Я уже ходила к Рону дней пять, с каждым разом все труднее и труднее было возвращаться домой. Рон больше не спрашивал, хочу ли я остаться, но каждый вечер провожал меня до дома и грустно смотрел, правда, если никого рядом не было. Вообще, наши встречи и прощания потихоньку начали превращаться в ритуал. Утром Рон заходил за мной, причем неважно был ли он в тот день в селении, убегал на охоту или куда-то по делам. Он всегда находил время заскочить, перемолвиться со мной парой слов, поцеловать в щеку, я все ждала, когда до него дойдет, что в губы еще приятнее, но видимо придется действовать самой. Потом или провожал к себе домой, или убегал по делам. Я наводила потихоньку порядок, ждала его, когда на обед, а бывало он приходил только к ужину. Он всегда предупреждал, будет ли дома раньше. Вечером мы вместе ходили на речку, потом он меня провожал, грустно смотрел и опять же целовал на прощания.

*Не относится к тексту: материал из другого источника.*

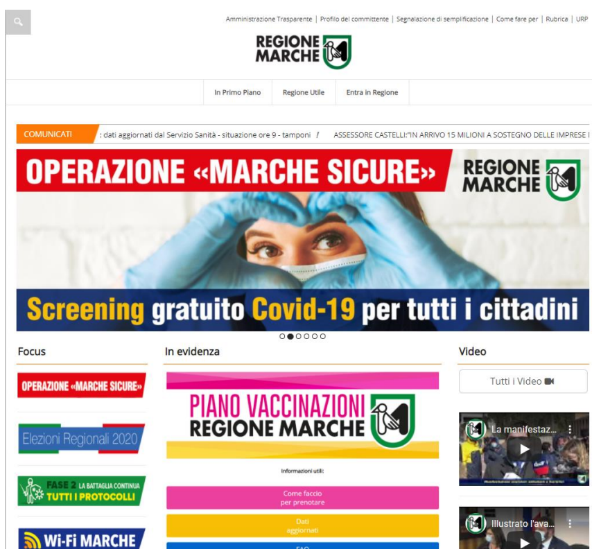
Figura 1 l'home page del sito istituzionale di Giunta

La stessa idea di accessibilità viene intesa non solo quale requisito tecnologico o psicologico riferito all'usabilità degli strumenti, ma soprattutto quale principio generale di garanzia all'accesso diffuso e indifferenziato, da parte di tutti, ai contenuti di una comunicazione e di un'informazione istituzionale utile.

Сегодня Рон обещал быть поздно, но попросил его дождаться, при этом у него был такой таинственный вид, что у меня поневоле разыгралось любопытство. День прошел, как обычно, после моего замечания мужчина старался несильно мусорить, так что уборки почти не было. Ужин томился в печке, на селение уже спустились сумерки, а Рон так и не пришел. Любопытство, весь день висевшее надо мной, сменилось беспокойством. А вдруг что-то случилось?! И ведь не позвонишь, не спросишь, все ли у тебя хорошо. Как же не хватает в этом мире телефона, но о нем можно забыть. Нервное напряжение достигло апогея, хотелось бежать, искать или хотя бы спросить у кого-нибудь. Да только у кого? Девчонки вряд ли знают, а Крис пошел с Роном.

Кстати о нем. Мы почти помирились, точнее я попросила у него прошения, сказала, что была не права и меня вообще не должно касаться его отношения с родителями. Он серьезно кивнул, типа извинения приняты и вытащил из кармана цветной шнурок, вроде как подарок от его мамы. Я посомневалась, но взяла, оскорблять его повторно сразу после извинений не хотелось. Крис даже предложил вплести тесемку в мою косу, но я отказалась под предлогом, что очень занята. На самом деле у меня было две причины, плетение волос это в некотором роде процесс интимный, такое не каждому мужчине доверишь, а вторая, были у меня большие подозрения по поводу этого шнурка. Вчера я про него забыла и не показала Рону, а вот сегодня его все нет.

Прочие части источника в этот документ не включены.